La joie est de ces schémas à la fois invisibles et pourtant partout. Elle n’existe pas et semble être omnisciente. La joie n’existe pas face au tragique évident de notre condition, au tragique inévitable de l’ontologie des choses du monde. En tant que cinéastes, si nous voulons coller au réel, la joie n’existe pas. Seul le poète, parfois, peut réussir à identifer la joie de ressentir, tel Primo Levi, enfermé dans un camp de la mort, heureux d’avoir, à quelques rares moments, le temps, la force, la joie, au-delà de l’inhumain, de pouvoir encore ressentir sa tristesse. Au contraire de ce que nous promet la vie, éprouver de la joie, c’est être humain.
Dans notre monde, je ne me rend jamais compte de ma joie au moment où je la vis. Souvent parce que je la partage : avec un ami, avec la nature… le bonheur est invisible et nous comprenons notre joie lorsqu’elle arrive à son terme. Ainsi, est-elle perpétuel- lement liée à une forme de mélancolie qui non seulement compense sa disparition mais surtout la révèle. La tristesse façonne évidemment la joie et inversement. De fait la vie ne m’offre que la possibilité de repenser à la joie dont je ne m’étais pas aperçu, en attendant le souvenir de nouveaux moments qui viendront remplacer les anciens.
Le cinéma n’échappe pas à cela : c’est en repensant le film que je me remémore la joie de l’avoir vu. Et peut-être l’envie de le revoir. Si différence il y a, entre la vie et le cinéma, et la joie que nous pensons y trouver, c’est que les moments de la vie fluctuent, mais pas le film. En effet, nous pourrons voir un film de manière nouvelle à chaque fois que nous le re-regarderons mais celle-ci tiendra toujours à notre ressenti, notre sensibilité, notre perception, et non d’une variation supplémentaire du film qui une fois achevé, ne se modife plus (en théorie).
Quel plaisir a-t-on alors à revoir quelque chose dont nous savons qu’elle n’aura pas changée ? Quelque chose dont nous connaissons le début, et la fin ? C’est peut-être là que se situe la joie du cinéma. Si nous revoyons tel film par volonté, c’est parce que nous avions éprouvé de la joie en le voyant. Nous recherchons à renouveler l’expérience. Ou bien parce que nous savons que nous pourrons éprouver la joie d’y découvrir de nouveaux éléments, jusqu’à là restés invisibles. C’est peut-être cela la joie du cinéma, la révélation infinie et garantie de ce qui le compose. C’est peut-être cela que nous avons inventé avec le cinéma, le moyen poétique de rechercher cette joie qui n’existe qu’en creux de la tristesse, le moyen technique de la fixer, pour pouvoir la restituer, et surtout la diffuser.

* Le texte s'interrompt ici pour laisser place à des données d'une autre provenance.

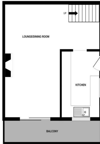
GROUND FLOOR 405 sq.ft. (37.6 sq.m.) approx.
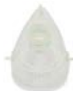
Resuscitation Mask Silicone – Large Adult – (GaleMed) SKU: GA5135
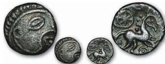
234 British Celtic - Iceni - Early Face/Horse Type - Silver Unit. 0.95 grams. Circa 50-30 BC. Obv: Celticized male head right with herringbone hair and large eye. Rev: horse right, wheel above. V. 665.03; Allen type: EFH CB; BMC 3356-3555; S. 433 var. Very fine. Celtic Coin Index Registration number: CCI: 98.2298. £150 - £200

Sans doute se pose-t-il aussi désormais, grâce à la possibilité de revivre sa joie au lieu de la ressentir, le problème du statut de l’image rediffusée, de l’image que nous connaissons, et que nous regardons encore, et encore. Un but lors d’une partie de foot- ball, les images catastrophes d’un journal télé, sur le net, des extraits de films devenus anthologiques, pourquoi les revoyons-nous ?
La joie n’existe que parce qu’elle est méconnaissable : ce serait une erreur de vouloir la fixer pour tenter de la revivre. Ce que produit en réalité le cinéma, ce n’est pas l’enregistrement de différentes valeurs afin de les restituer, mais l’interstice de ce qu’on ne comprend justement pas être notre joie. Les collages du cinéma font naître à notre vue ce qui ne s’explique pas, un mystère de l’ordre du ravissement : c’est en fait quand il n’y a plus lieu de chercher à comprendre que la joie s’immisce, entre les plans.